A atuação conjunta de missionários e indígenas deu origem à Aldeia de Nossa Senhora da Conceição da Serra. A organização do povoamento avançou no início do século XVII, acompanhando a construção de espaços religiosos e administrativos.

Em 1752, a localidade foi elevada à categoria de freguesia por determinação da Coroa Portuguesa. A instalação oficial ocorreu posteriormente, após a construção da Igreja Matriz de Nossa Senhora da Conceição.

Em 1822, a região passou à categoria de vila. O Município da Serra foi criado oficialmente em 2 de abril de 1833, após ser desmembrado de Vitória. A instalação ocorreu em 19 de agosto do mesmo ano.

A sede municipal recebeu o título de cidade em 6 de novembro de 1875, consolidando sua importância política e administrativa no Espírito Santo.

Insurreição de Queimado marcou luta pela liberdade

Entre os episódios mais importantes da história da Serra está a Insurreição de Queimado. O movimento ocorreu em 19 de março de 1849, na localidade de São José do Queimado.

A revolta reuniu pessoas escravizadas que reivindicavam a liberdade prometida durante a construção da Igreja de São José. O movimento foi reprimido pelas forças imperiais, mas se tornou um dos maiores símbolos da resistência negra no Espírito Santo.

Chico Prego e João da Viúva estão entre os principais nomes ligados à insurreição. Suas trajetórias permanecem na memória histórica como exemplos da luta contra a escravidão.

As ruínas da Igreja de São José do Queimado preservam parte dessa história. O local representa um importante espaço de memória e reflexão sobre a resistência da população negra no estado.

Comércio e agricultura impulsionaram o município

Na segunda metade do século XIX, a Serra passou por um período de crescimento econômico. A posição entre Vitória e o norte do Espírito Santo favoreceu a circulação de pessoas e mercadorias.
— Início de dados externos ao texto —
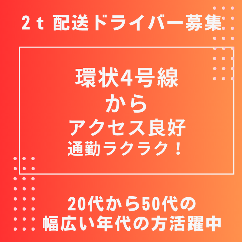 対象となる方 | 求めている人材 【必須条件】 *要中型免許※5t限定以上、経験者優遇!未経験者も歓迎! *お客様とのコミュニケーションが取れる方 【こんな方に】 *未経験の方は充実した研修体制があるので安心♪ *経験者の方は即戦力として月収アップも可能!! ・3tトラックドライバー・大型トラックドライバー経験者歓迎 ・タクシードライバー・軽貨物ドライバー・フードデリバリー配達員からの転職歓迎 ・建築業・製造・工場内軽作業・飲食店・営業職・事務員など他業種からの転職歓迎 【多数エリアから通勤可能】 ・横浜市泉区・栄区・港南区・戸塚区・保土ヶ谷区 ・横浜市瀬谷区・緑区 ・綾瀬市・藤沢市・海老名市・厚木市・大和市 ・座間市・町田市などからも通勤可能 |
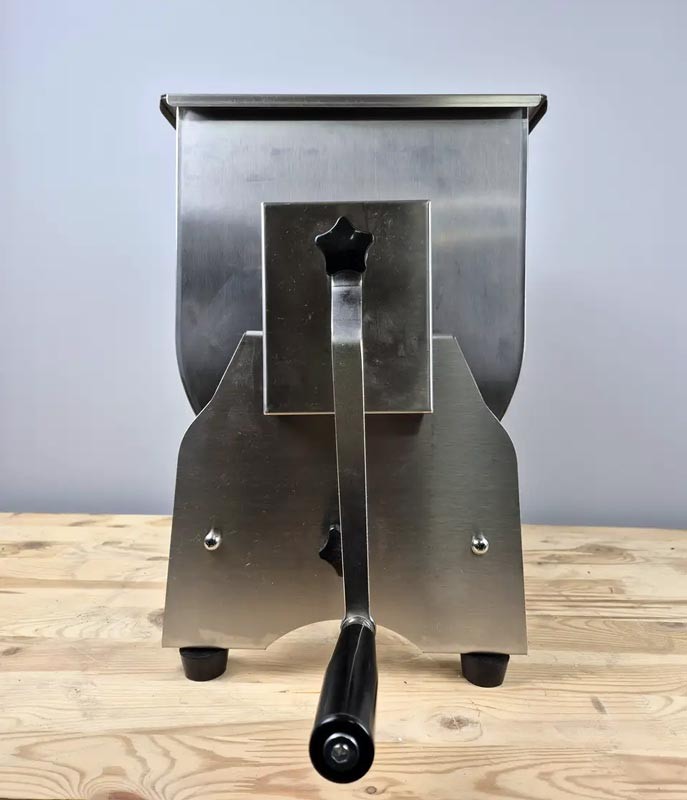 Обсяг діжі становить 30 літрів, що дозволяє обробляти великі партії сировини за один цикл, підвищуючи продуктивність та знижуючи трудовитрати. Завдяки механічному принципу роботи обладнання не вимагає підключення до електромережі і може використовуватися в будь-яких умовах.
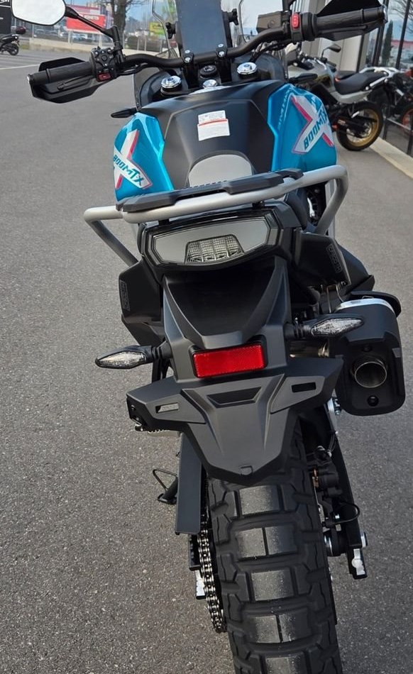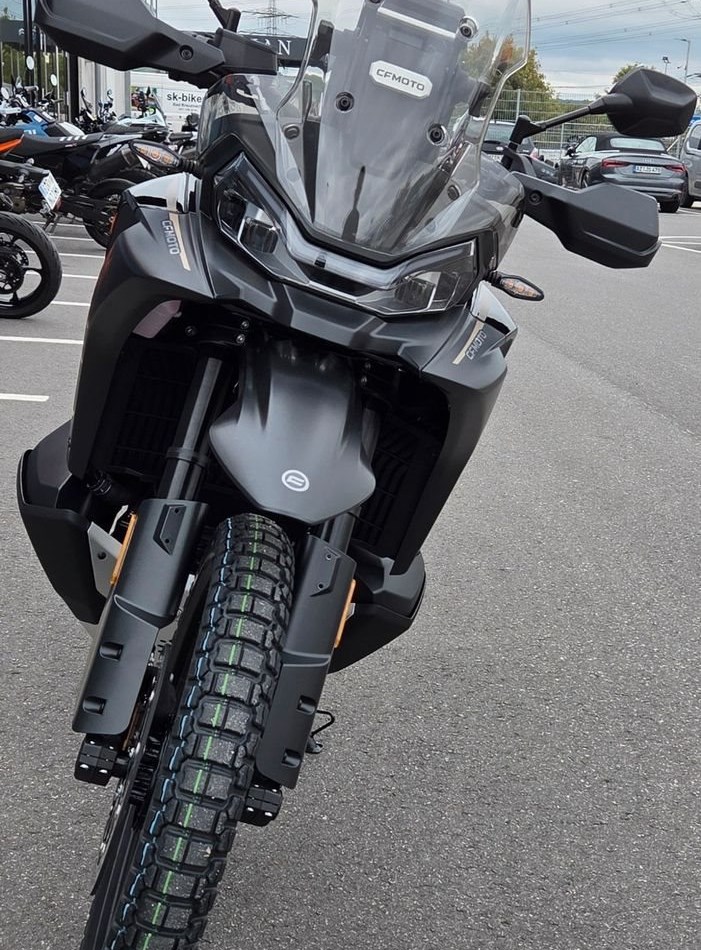 Ob auf kurvigem Asphalt oder im kernigen Gelände - die neue CFMOTO 800MT-X nimmt jede Herausforderung mit extremer Gelassenheit. Kompakt, leistungsstark und mit modernster Technik ausgestattet, bietet die 800MT-X herausragende Fahrleistungen auf ausgedehnten Reisen, beim nächsten Offroad-Abenteuer und dem täglichen Weg zur Arbeit.Im Kern arbeitet ein durchsetzungsstarker 799 cm Zweizylinder mit 91 PS und beeindruckenden 86 Nm Drehmoment. Drei Fahrmodi, Lenkungsdämpfer, ein voll einstellbares Fahrwerk und der riesige 22,5-Liter-Tank machen sie bereit für jede Etappe - von der Landstraße bis zur Bergpiste. 7"-TFT-Display, Quick-Shifter, Bosch-Kurven-ABS und Traktionskontrolle - für smarte Abenteuer ohne Limits. Abenteuer im Blick, Gelände im Griff: Die 800MT-X ist wie gemacht für alle, die nicht nach dem Weg fragen, sondern ihn selbst definieren. Ihr hochgezogenes Windschild, die schmale Silhouette und die massiven Speichenräder in 21/18 Zoll setzen ein klares Statement. In Nebula Black oder Zephyr Blue zeigt sie: Hier kommt ein echter Allrounder mit Offroad-Kompetenz und Touring-Komfort.

A agricultura, especialmente a produção de açúcar e café, teve papel relevante nesse processo. A pecuária e outras atividades rurais também contribuíram para a economia local.

O Rio Santa Maria da Vitória era utilizado para o transporte de produtos agrícolas e alimentos. Na região de São José do Queimado, o Porto do Una ajudava a conectar as comunidades rurais aos principais centros comerciais da província.

Grandes canoas transportavam mercadorias pelo rio, fortalecendo a integração da Serra com outras localidades capixabas.

Industrialização transformou a cidade

Até a década de 1970, a Serra possuía uma população menor, formada principalmente por comunidades ligadas à pesca, à agricultura e às atividades rurais.

A expansão industrial da Grande Vitória mudou esse cenário. O município passou por um rápido crescimento populacional e recebeu famílias de diversas regiões do Brasil.

Em poucas décadas, a Serra se transformou em um dos principais polos econômicos e urbanos do Espírito Santo. Novos bairros surgiram, a infraestrutura foi ampliada e as atividades industriais ganharam espaço.

Mesmo diante das transformações, diferentes comunidades continuam preservando costumes religiosos, culturais e rurais. Essa convivência entre desenvolvimento e tradição tornou-se uma das principais características do município.

Com informações da Secretaria de Estado de Turismo (Setur).